One good mentor can be life-changing. The TCU campus is packed with them — four of whom have been selected as finalists for the annual Wassenich Award for Mentoring in the TCU Community.
Created in 1999, this award recognizes and encourages faculty and staff who surpass job descriptions to mentor students through college and beyond, and who serve as role models in their personal and professional lives.
Following are this year’s four finalists along with just a few of the many admiring words from their nominators as well as an excerpt from their personal statement on mentoring.
Chancellor Victor J. Boschini Jr. will announce the winner of the Wassenich Award for Mentoring in the TCU Community at a virtual convocation planned for Tuesday, Sept. 15 (more details to come).
Giridhar Akkaraju, Ph.D., professor and chair, Department of Biology
From his nominator: “One of the biggest lessons I have learned from Dr. Akkaraju is to always be curious.
Dr. Akkaraju loves getting to know people, even to the point of claiming himself as
being ‘nosy.’ He won’t hesitate to take a genuine interest in the people around him
— where they come from, what inspires them, what they are working toward.”
From his personal statement: “My favorite part, naturally, is helping them develop their scientific and critical thinking skills. But besides that I try to make them skeptical listeners and readers, to teach them not to accept facts as given but to question everything. This can be uncomfortable for many, but most of my students ‘get’ what I am trying to do.”

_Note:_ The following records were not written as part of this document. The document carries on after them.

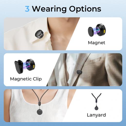 Med 2 magnetklämmor, 2 magneter och en snodd, befriar vår trådlösa mini mikrofon dig från att hålla en mikrofon i handflatan hela tiden. Det ger tre olika sätt att bära. Du kan klippa eller montera mikrofonen praktiskt taget var som helst, oavsett om det är din skjorta, ficka, hatt eller hår. Eller så kan du prova det coola nya "halsbandet". Den starka magneten ser till att den sitter säkert fast på dina kläder utan att hänga eller hänga.
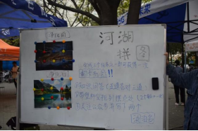 公宣活动紧扣主题,设置了知识问答、收集塑料瓶等游戏任务,并制作了翻转拼图墙。参加活动的同学完成任务将有机会将治理前湖泊的拼图翻面,进而拼成净化后的湖泊照片。在同学们的接力下,治理前的照片一点点被翻开,湖泊本来的样子也逐渐展现在大家眼前。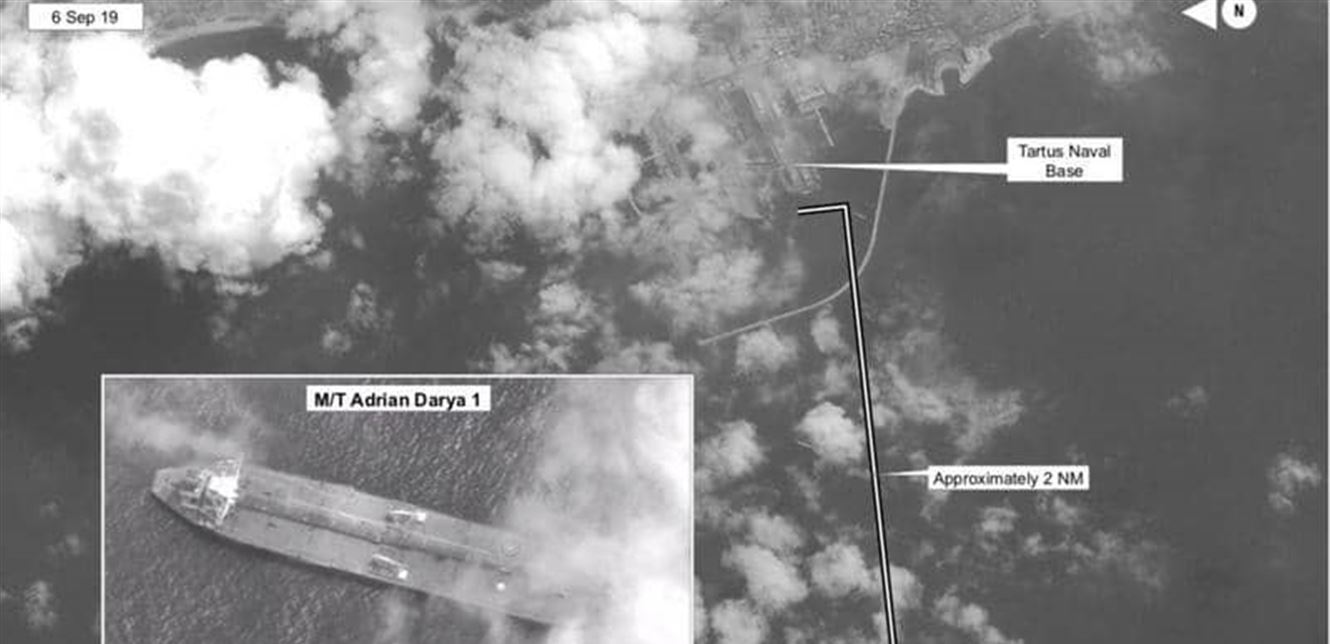 وأرفق بولتون تغريدته بصورة ملتقطة من الأقمار الصناعية، بتاريخ 6 أيلول 2019، تظهر ناقلة النفط الإيرانية أدريان داريا 1 قبالة القاعدة البحرية في طرطوس.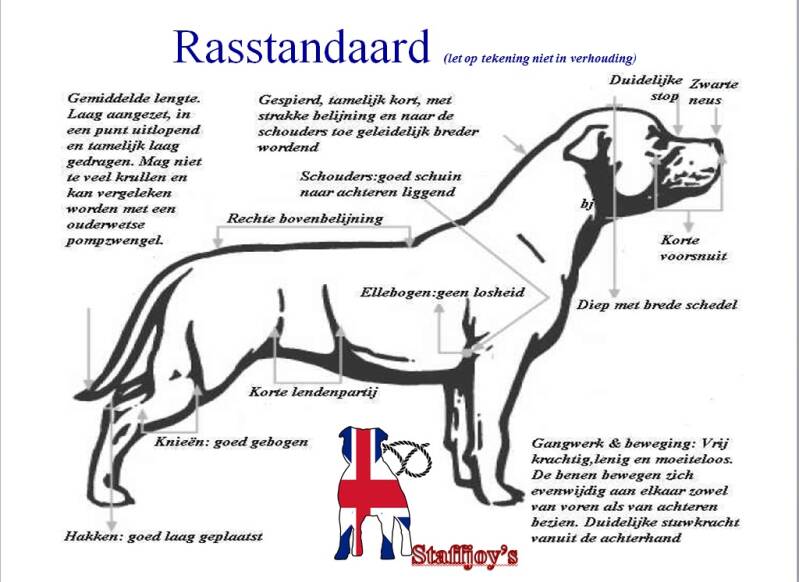 Hieronder treft u de meest recent vertaalde rasstandaard voor de Staffordshire Bull Terrier volgens de opzet van de FCI aan, en daar onder weer de rasstandaard in beschrijvende vorm. Op niet al te lange termijn zullen beide versies via de web-site van de rasvereniging beschikbaar zijn.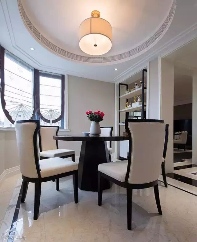 利用摆设柜当做隔断,在一处角落设计出了餐厅空间。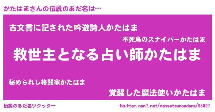| 男性向けラノベタイトル風あだ名 | 『かたはまに滅ぼされるだけの簡単なお仕事です』 |

Joanne Connor Green, Ph.D., professor of political science
From her nominator: “Dr. Green has taught me to not be afraid of my own dreams. During my time in D.C. I felt like my dreams were too ambitious or too big for me to achieve. When I told Dr. Green I hoped one day to run for political office, she didn’t even blink and told me, ‘You’d be really good at that! Let me know when you run and I’ll be your first donor!’ Those two sentences right there taught me that I am capable of achieving my dreams and that I have support already.”
From her personal statement: “It took me decades to realize that a sign of a truly strong person is the willingness to ask for help. I share my life experiences with my students. I am present for them. I respect them. I urge them to own their educations — to claim their place in the world.”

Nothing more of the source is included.